Jusqu’au bout de la nuit, jusqu’au bout de l’horreur
Vos visages et vos yeux et puis vos mains témoignent
Malgré l’oubli, les jours, le temps qui tant éloigne
L’ombre de Ravensbrück jusqu’au bout de la peur.

Un train vous ramenait, libérées de vos fers
Revenantes de l’ombre, apparitions muettes,
Qui gardiez enfermée tout au fond de vos têtes
Sans- doute pour toujours, l’image de l’enfer.

Et vos bouches sans voix nous taisaient le délire
Vos images figées sont là, à tout jamais,
Vos lèvres sans couleurs où vivaient enfermés
Les mots de la folie impossibles à dire.

La marche sans espoir, tel vulgaire bétail,
Les ordres brefs jetés, insultes, invectives,
Les sifflets dans le soir de ces locomotives,
Le battement des roues aux jointures des rails.

Vous avez tout vécu, le matin d’un départ,
La faim au quotidien, la honte et la faiblesse,
Les tortures sans nom, la terreur des SS
Tout cela pour toujours inscrit dans vos regards.

Vous avez tout vécu, la prison les barreaux,
Les rondes dans la nuit et l’horrible manège,
Les attentes pieds nus dans l’eau ou bien la neige
Des femmes à genoux battues par les bourreaux.

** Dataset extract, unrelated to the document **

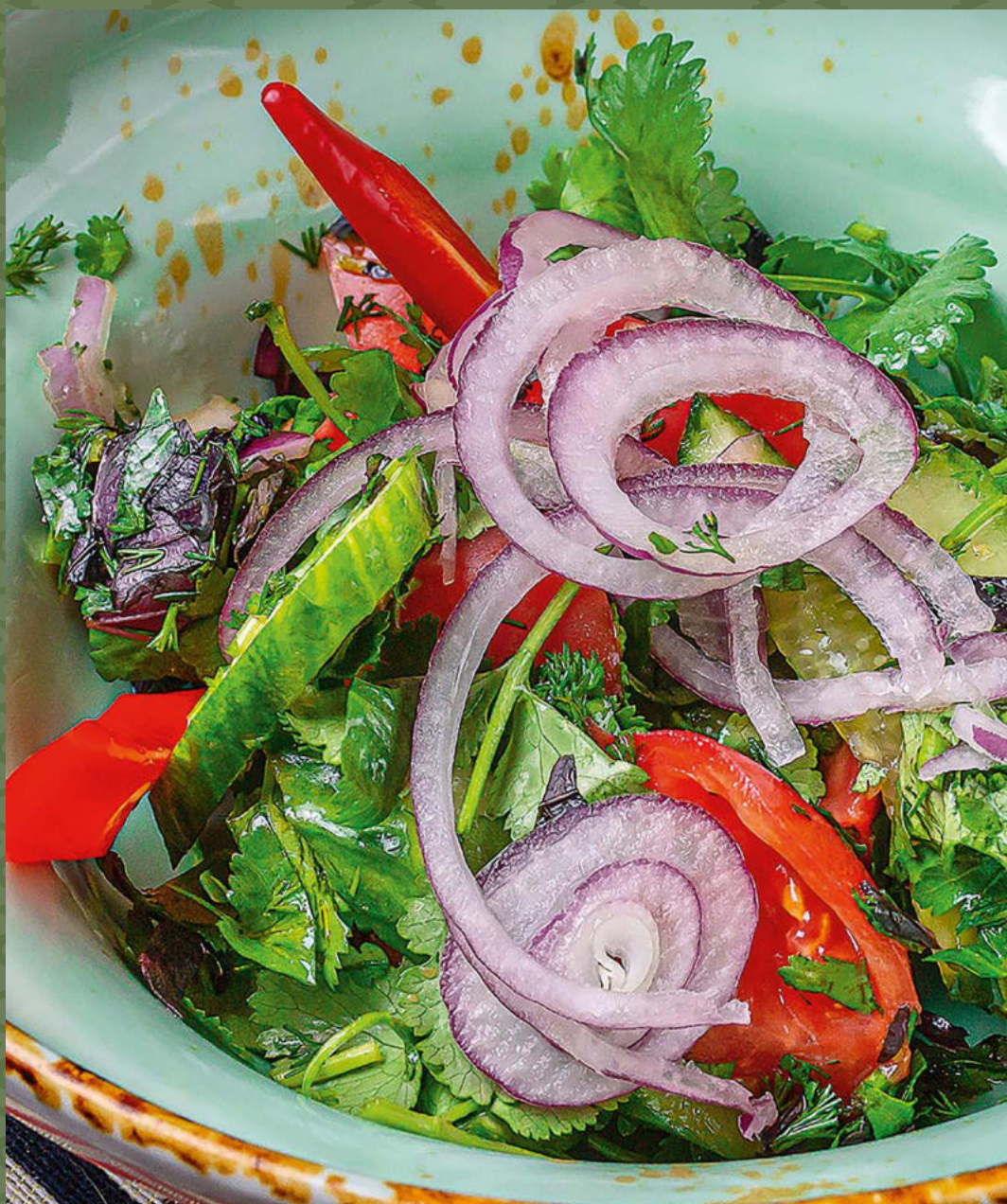
Овощной салат по-грузински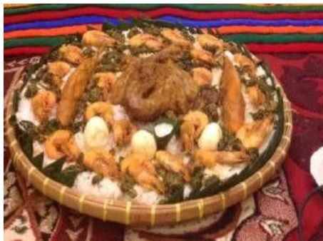
Gambar 9. Anduri

Etiez-vous vivantes ou faisiez-vous semblant,
De peur certainement que la mort ne survienne
Doucement par surprise et puis ne vous emmène,
Vous qui aviez perdu le statut des vivants ?

C’était voila longtemps, ce retour du néant
Mais les vieux films sont là et ils sont la mémoire,
De ce vingtième siècle aussi de son histoire,
Que ne meurent jamais vos ombres, revenants.

Sur le quai d’une gare, vous avez débarqué,
Libres un bien grand mot dans « la France éternelle»
Oui mais qu’est l’apparence ? Au fond de vos cervelles,
Prisonnières toujours, de votre chair marquée.